Day job: Fashion features editor at Harper’s Bazaar

If you didn't have your day job, what would you do: Something that involved more movement, like dance. Or maybe learn calligraphy.

City you presently live in: Between Bangalore and Bombay.

Your current favourites...

Beauty products: The Benetint Lip and Cheek Tint and Jo Malone’s Tuberose Angelica.

Self-care rituals: Waking up early and savouring my morning tea. Time with my friends and partner.

Instagram handles: For news @TheCut, @Guardian and @feministflowercrown. Beautiful things @ArtsofHindostan and animals @joelsartore. Fashion @Diet_prada and @manrepeller. Food porn @bonappetit and @Archana.pidathala. To laugh @Swineryy.

Podcasts: I recently listened to some episodes of The Seen and Unseen by Amit Varma. Also @dressed podcast for stories about the history of fashion.

Films: Anything with Timothée Chalamet – Call Me By Your Name or The King. I also just watched Booksmart which was hilarious.

A recipe: Lemon pasta from Bon Appetit. I’m also a masterful tea time snack maker.

Websites: T Magazine, NY Times. I also subscribe to @broadsheet_in.

Haunt in the city: My own home in whichever city I’m in.

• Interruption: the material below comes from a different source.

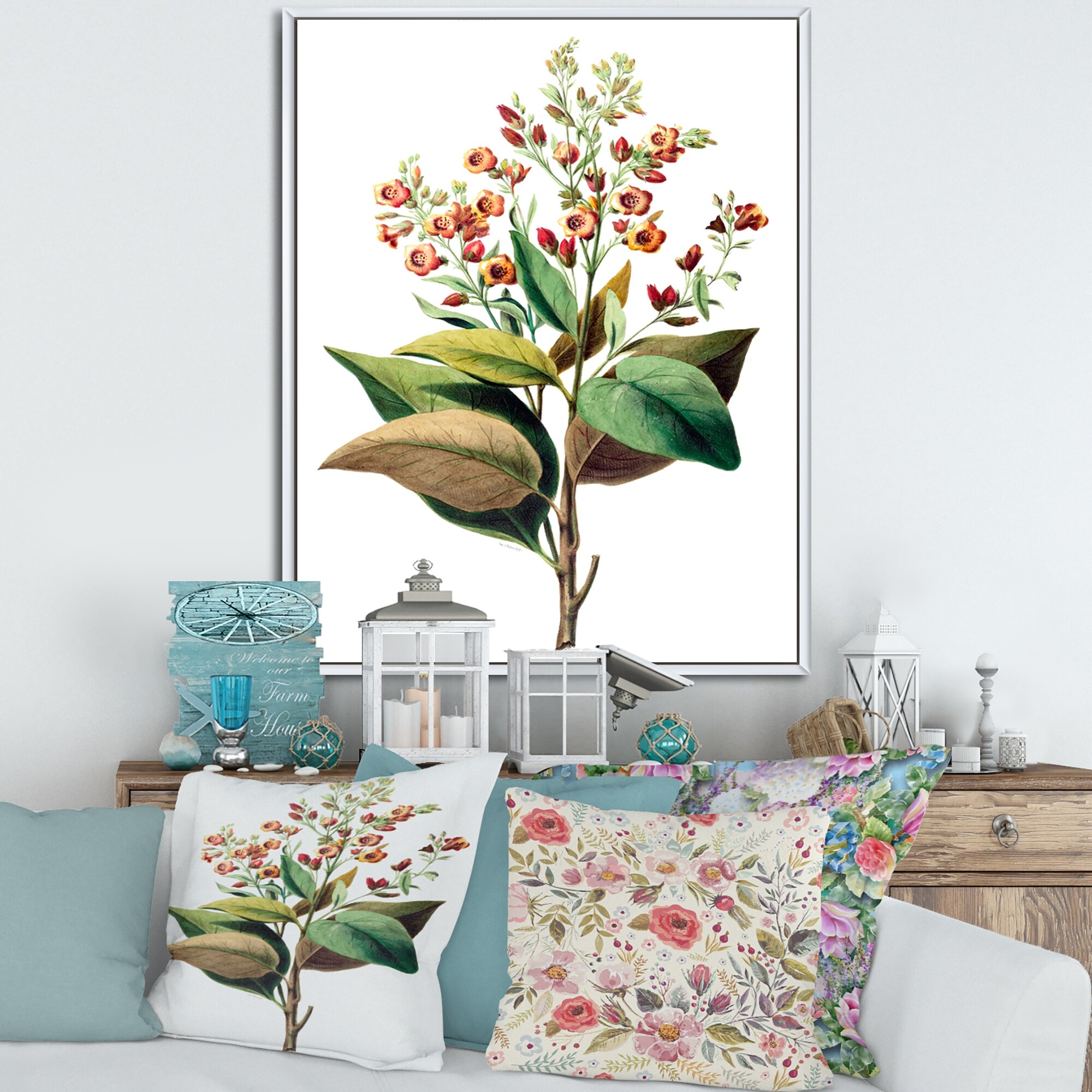 Designart "Vintage American Flowers II" Traditional Framed Canvas Wall Art Print

I also love walking around tiny streets of Bandra or by the seaside in Bombay. 

What jewellery style naturally suits you?

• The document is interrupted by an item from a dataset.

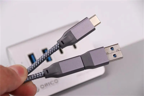 除了这款ORICO奥睿科USB 3.2Gen2分线器外,还为用户附带了一条可切换插头的数据线,可以在USB和Type-C接口轻松切换,可以满足用户在A口或者C口等场景下使用。这跟数据线的材质还是非常扎实的,外层是尼龙编织线皮,而在插头跟线材连接的地方还做了加固设计,插头部分均是金属材质,坚固耐用。

I love vintage style Indian silver or burnished gold jewellery. 

First thought or word that comes to your mind when you think about Lune?


Opinions / Musings about the following...

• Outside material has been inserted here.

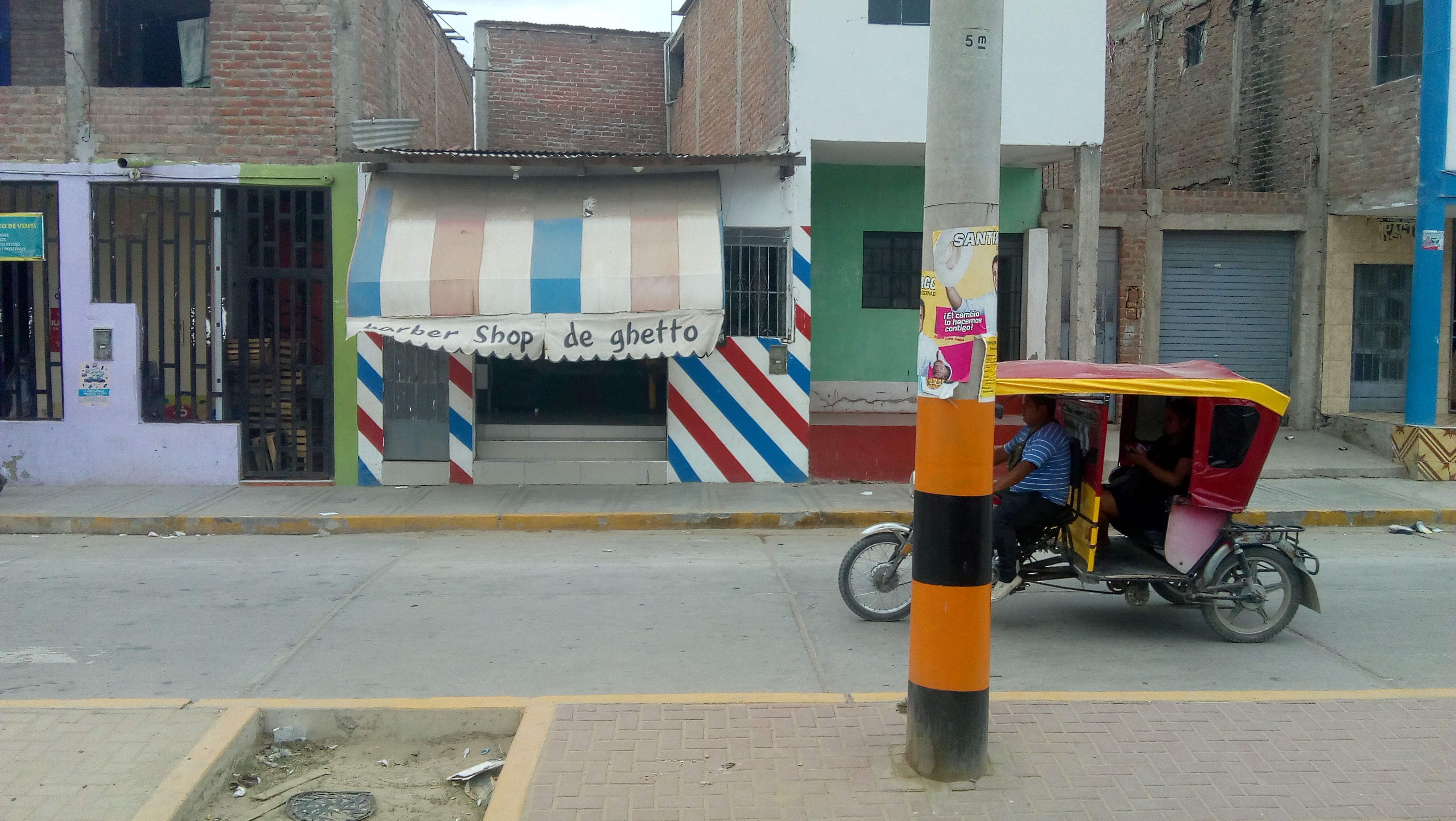 Un salon de coiffure nommé "Barber Shop de Guetto", j'ai trouvé ça drôle ^^ L'enseigne se trouve au nord de Piura, au Pérou. ![]()

The future is… A little bit scary right now. It’s tough to stay optimistic when you don’t even know if the air you are breathing or the food you are eating is good for you.

On being able to think ahead… I wish I could do it better.

On how you came up to being a writer

It wasn’t really a plan. I loved magazines and I always admired the work of journalists like Suzy Menkes or Cathy Horyn or historians like Valerie Steele. This seemed like the natural path to follow.

How does writing and introspection help to heal or process your thoughts and emotions?

A lot of the time it’s just the way that writing helps clarify what’s in your mind or trace back where a certain feeling is coming from. I can be a bit reticent so taking time out to write or introspect is crucial to help me find that clarity. There’s also nothing like the feeling of being immersed in something so completely that you can tune out the world. 

What are you reading lately?

I just finished Sylvia Plath’s The Bell Jar and I’m beginning Aatish Taseer’s Stranger to History.

What do you find the most rewarding about your work you do?

The platform that a magazine provides to talk about the things that you think are important—whether it’s sustainability or even an inspiring story. 

How does your social media use factor into your practise of writing?

Beautiful writing isn’t limited by medium. There are people who write beautifully on social media and it’s always a delight to read what they have to say.

From your experience in publishing, what do you think is the future of print? 

I don’t think print will disappear completely. It will perhaps become more of a novelty or experience, something that people seek out for a particular connection or sense of reality. Almost like travelling to the countryside.

What is your dream project as a writer?

Something historical – either a story based on real events or something about fashion that involves travelling and research.

What advice would you give for writers itching for a change?

Follow the itchy feet.

What would be your multi-hyphenate?

Writer, tea sommelier, cat lady. 

Some adjectives often used to describe you?How do these adjectives play out in your choices and the way you carry yourself? 

Patient, calm, and practical would be some adjectives. While I understand where they come from, I do try and sometimes push myself to contradict them.